I think she has a really good rear end, too. Her front legs seem shorter in comparison. A month ago her rear seemed shorter! Weird. She must be growing unevenly. Maybe they will come together at some point. 

I can train her to top and stand. I have done that before. I used to train my boxer puppies to stay after I stacked them from the time they were small, but I always used bait. I read you can't use bait in UKC. Bonnie is a wild animal right now! I must start more training. I have been perfecting her manners. I better get cracking. 

I couldn't deal with the haircuts needed in AKC shows. UKC is better for me for a number of reasons. 

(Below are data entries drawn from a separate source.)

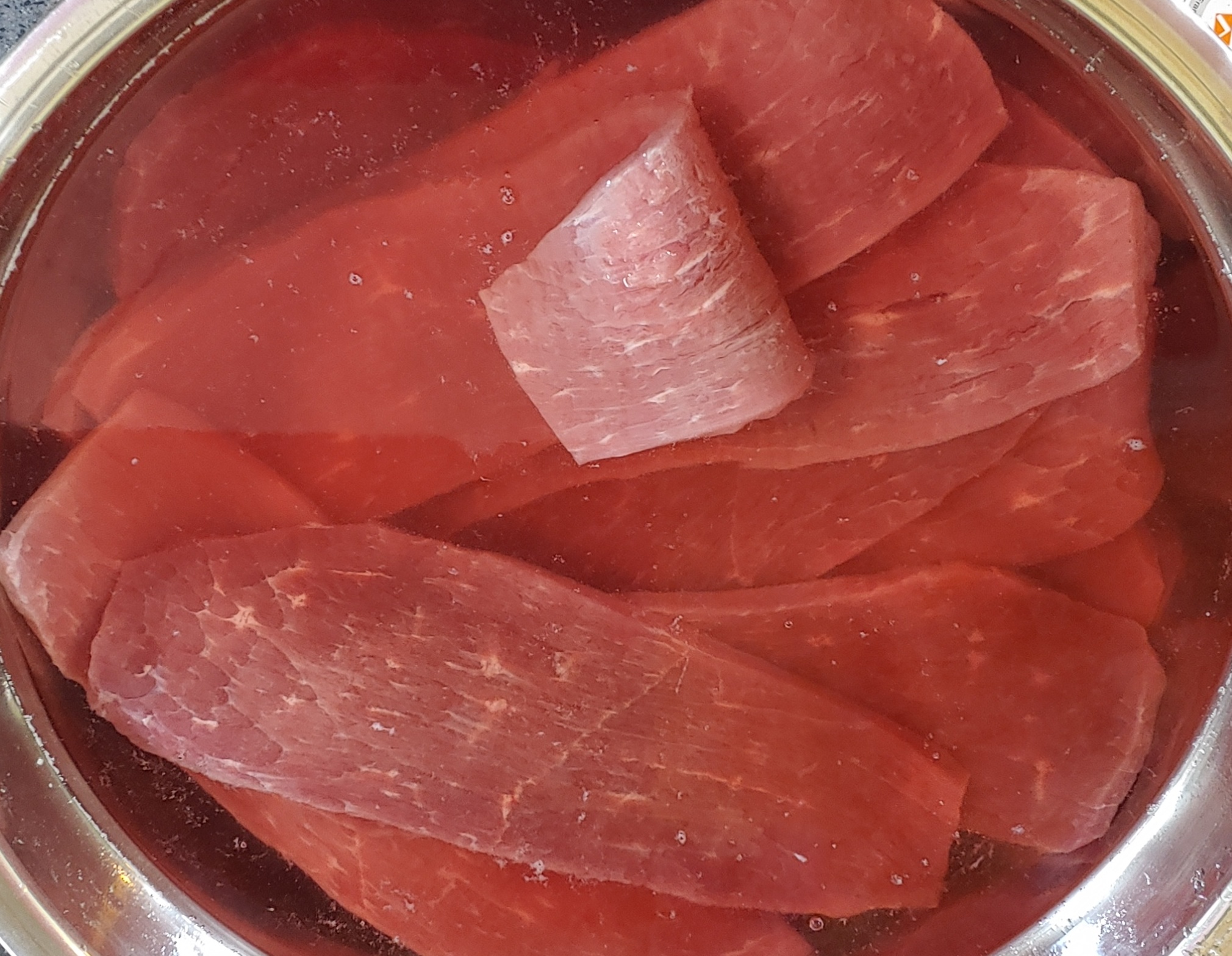 육포용 고기를 물에 담근 후 수시로 물교체하며 한나절동안 핏물을 빼준 후 육포 작업.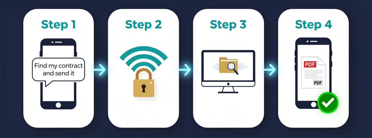 - With Owlfy: you open WhatsApp, send one message — "Find my latest contract file and send it to me" — and within seconds your phone receives the file.+ Before Owlfy: you'd have to call a colleague, drive back, or apologize and delay.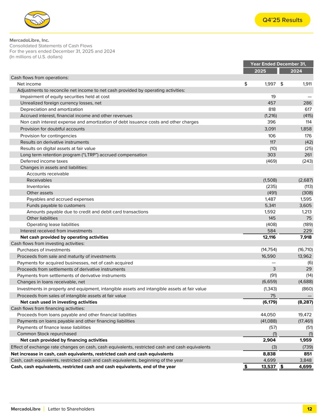 MercadoLibre, Inc. Consolidated Statements of Cash Flows For the years ended December 31, 2025 and 2024 (In millions of U.S. dollars) Year Ended December 31, 2025 2024 Cash flows from operations: Net income $ 1,997 $ 1,911 Adjustments to reconcile net income to net cash provided by operating activities: Impairment of equity securities held at cost 19 — Unrealized foreign currency losses, net 457 286 Depreciation and amortization 818 617 Accrued interest, financial income and other revenues (1,216) (415) Non cash interest expense and amortization of debt issuance costs and other charges 396 114 Provision for doubtful accounts 3,091 1,858 Provision for contingencies 106 176 Results on derivative instruments 117 (42) Results on digital assets at fair value (10) (25) Long term retention program (“LTRP”) accrued compensation 303 261 Deferred income taxes (469) (243) Changes in assets and liabilities: Accounts receivable Receivables (1,508) (2,687) Inventories (235) (113) Other assets (491) (308) Payables and accrued expenses 1,487 1,595 Funds payable to customers 5,341 3,605 Amounts payable due to credit and debit card transactions 1,592 1,213 Other liabilities 145 75 Operating lease liabilities (408) (189) Interest received from investments 584 229 Net cash provided by operating activities 12,116 7,918 Cash flows from investing activities: Purchases of investments (14,754) (16,710) Proceeds from sale and maturity of investments 16,590 13,962 Payments for acquired businesses, net of cash acquired — (6) Proceeds from settlements of derivative instruments 3 29 Payments from settlements of derivative instruments (91) (14) Changes in loans receivable, net (6,659) (4,688) Investments in property and equipment, intangible assets and intangible assets at fair value (1,343) (860) Proceeds from sales of intangible assets at fair value 75 — Net cash used in investing activities (6,179) (8,287) Cash flows from financing activities: Proceeds from loans payable and other financial liabilities 44,050 19,472 Payments on loans payable and other financing liabilities (41,088) (17,461) Payments of finance lease liabilities (57) (51) Common Stock repurchased (1) (1) Net cash provided by financing activities 2,904 1,959 Effect of exchange rate changes on cash, cash equivalents, restricted cash and cash equivalents (3) (739) Net increase in cash, cash equivalents, restricted cash and cash equivalents 8,838 851 Cash, cash equivalents, restricted cash and cash equivalents, beginning of the year 4,699 3,848 Cash, cash equivalents, restricted cash and cash equivalents, end of the year $ 13,537 $ 4,699 MercadoLibre Letter to Shareholders 12 Q4’25 Results
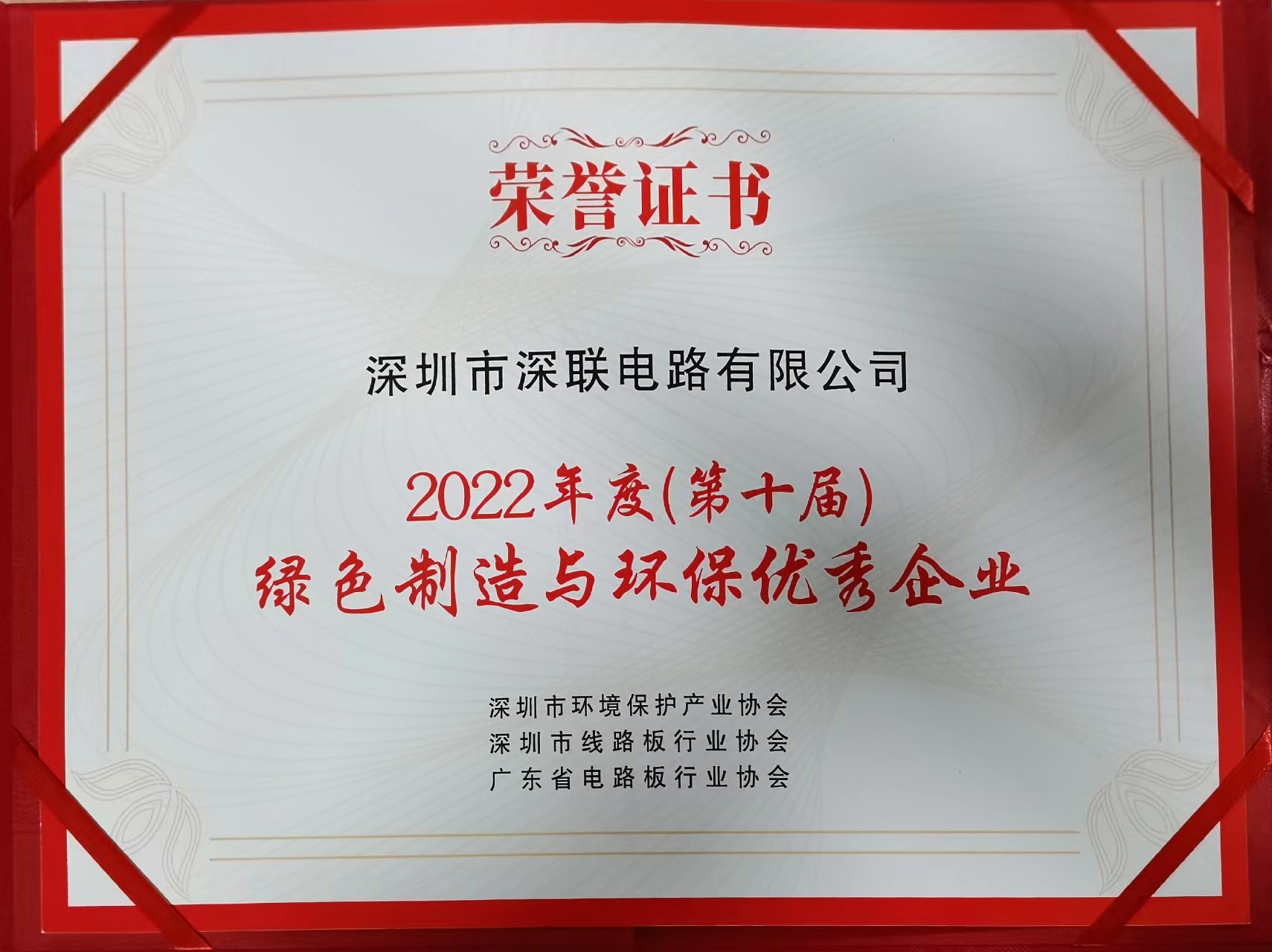 喜訊! 深聯電路PCB廠連續9年榮獲綠色制造與環保優秀企業!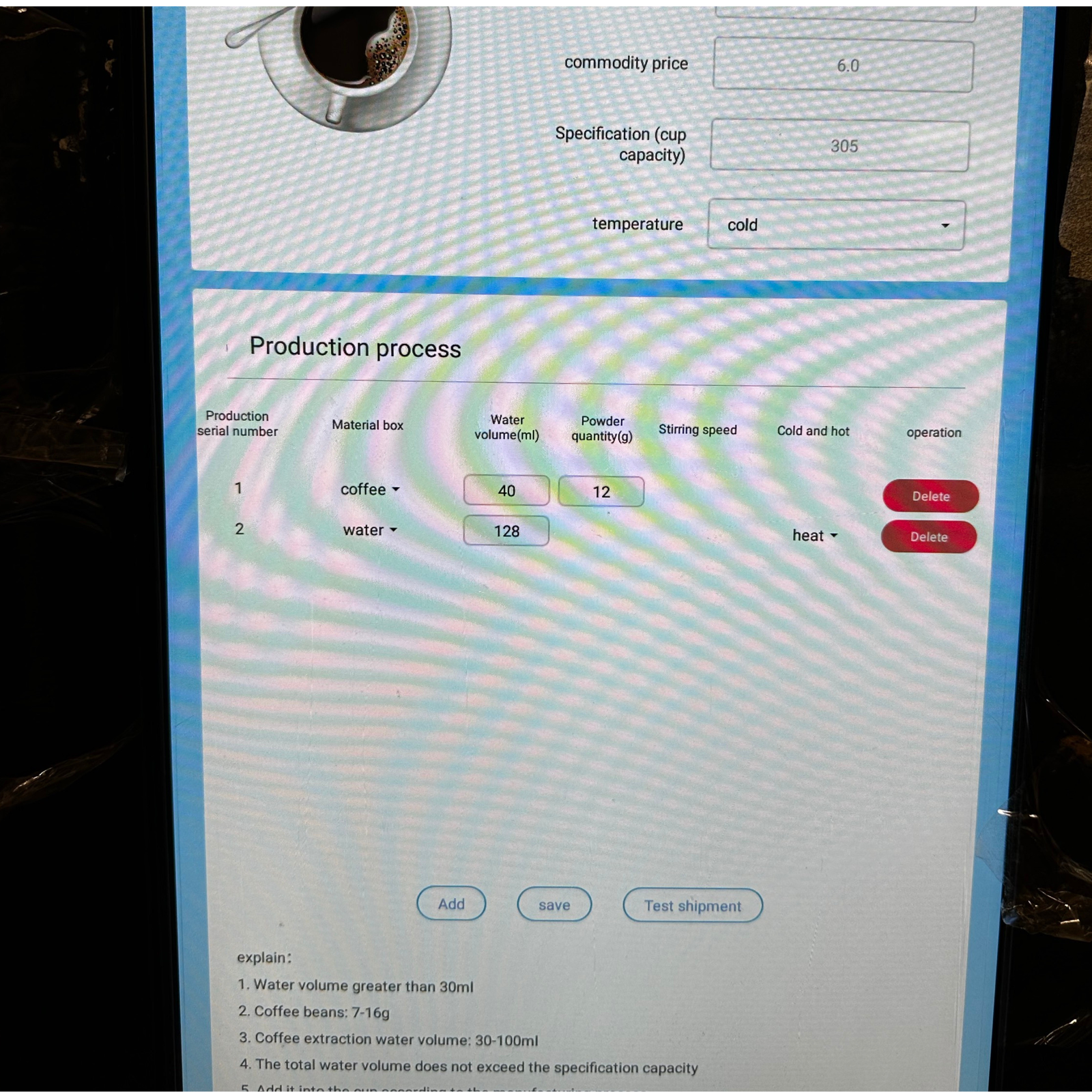 2. Wie man hier sieht beim Kaffee Americano, werden 50ml Wasser und 12g Pulver gemischt. Außerdem werden 128ml Wasser erhitzt und dazugegeben.

Thank you so much for looking! It was fun getting pictures of her.


----------



## Fond of Poodles

Very pretty puppy! I like her face, and she does appear to have a nice under jaw. Her movement in the pictures is beautiful! You sound like you'd really like to show her, so go for it! There are no perfect dogs and you both will have fun doing a "job" together! That's the main reason I went into showing, lol. I love poodles, enjoy the grooming, and spending time with my dogs!


----------



## 3dogs

Give it a go. I love UKC. It is a great place to begin & to work on handling skills & great to work a dog with NON PRO's in the ring. You might find you love the confromation ring or you hate it but heck go for it.


----------